Votre histoire nous dit que le monde, pour réussir, a besoin de l’Afrique, de
la voix de l’Afrique, mais d’une Afrique debout, d’une Afrique vivante et
d’une Afrique libre.
Vive l'Afrique du Sud,
Vive la France.

Commentaires

Sarko est un bouffon!!!

Écrit par : xada | 29/02/2008

Wade ne joue pas dans la même division que M'beki...
le contenu du discours ainsi que les nombreux contrats signés l'attestent : real politic

Qu'est ce que l'Afrique du Sud a à voir avec les accords de défense ? l'annonce de leur hypothétique réforme (pas annulation) aurait dû se faire dans les pays concernés : petite foutaise.

2,5 milliards d'euros (prêts compris) à l'Afrique sur 5 ans,rien sur l'annulation de la dette et 15 milliards d'euros cadeau aux riches français en 1 an (paquet fiscal)...

Mr immigration choisie s'émeut de la fuite des cerveaux africains!!! : c'est l'hôpital qui se fout de la charité

Rien sur le CFA : l'art d'éviter les sujets qui fâchent.

Bref tout cela m'inspire un grand BOF

Écrit par : Djé | 29/02/2008

Nous aurions pu applaudir des deux mains le discours de sarkozy. Pourquoi? Parce qu'il propose ce que les partisans de l'Afrique digne réclament depuis plusieurs années déjà... Mais nous ne le ferons que d'une seule main. Pourquoi? Pour plusieurs raisons. Tout d'abord parce que ce discours aurait dû être tenu non pas au cap, où il n'existe ni base française ni accord de défense mais à Dakar, à Ndjamena ou à Abidjan. Ensuite parce que nous avons espéré, de toutes nos forces, qu'un de nos présidents - Africains - soit à l'origine de cette révolution. Les patriotes ivoiriens et africains ont crié haut et fort leurs envies et lers rêves, mais il a fallu tendre l'oreille pr entendre les réponses balbutiantes de nos dirigeants sur une question aussi cruciale pour nos pays. En Côte d'Ivoire, malheureusement, Mamadou Koulibaly s'est battu... tout seul... sur ce terrain. Alors on peut douter de la sincérité du président français. On peut aussi estimer que cette décision s'impose à la France qui n'a plus les moyens de jouer les gendarmes de l'Afrique. C'est donc de la "réal politique" certes mais nous n'avons pas d'autres choix qu' applaudir le discours de Sarkozy mais toujours d'une seule main. Pourquoi? Parce que la deuxième reste toujours enchaînée.
En espérant que lors des discussions prévues nos responsables oseront, cette fois, aborder toutes les questions qui fâchent... accord de défense, de coopération, bases militaires certes mais aussi le volet économique ...franc CFA, BCEAO...
Si tel est le cas, il n'y a donc plus aucune raison que nous n'applaudissions des deux mains.

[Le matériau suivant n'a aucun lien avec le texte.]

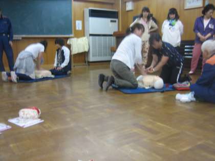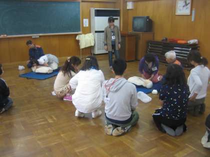 放課後に,ミーティングルームで,教職員対象に救急救命研修を行いました。もうすぐ水泳学習も始まります。万が一の事態に備えて,心肺蘇生法とAEDの使い方を研修しました。
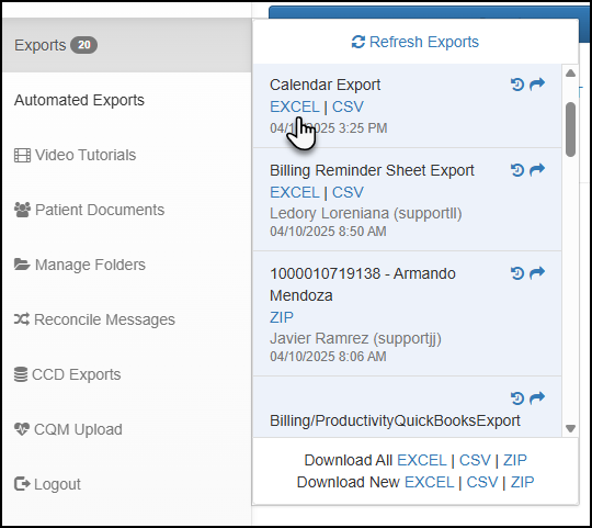 6. On the left side, click the Exports link and then choose the report to export.
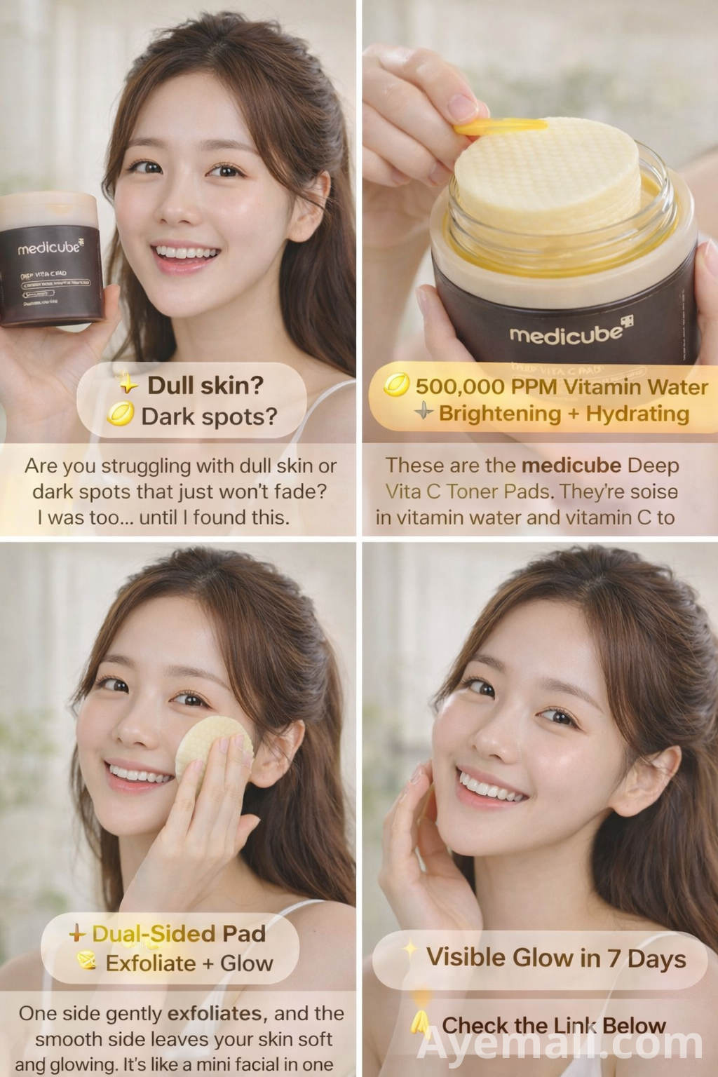 - Medicube Deep Vita C Pad is infused with a bottle of 7-day Dark Spot Ampoule, effectively swiping away visible dark spot…

Écrit par : Anicet | 02/03/2008

Il n'est rien de plus grave pour un leader politique que la perte de sa crédibilité, et je crois bien que c'est ce qui est arrivé à Sarkozy...Quand bien même il esaaierait de se "rattraper" de l'injure proférée à Dakar, on ne peut même pas se pemettre de croire à ce qu'il dit, tant il est devenu familier des déclarations à l'emporte-pièce...Dommage.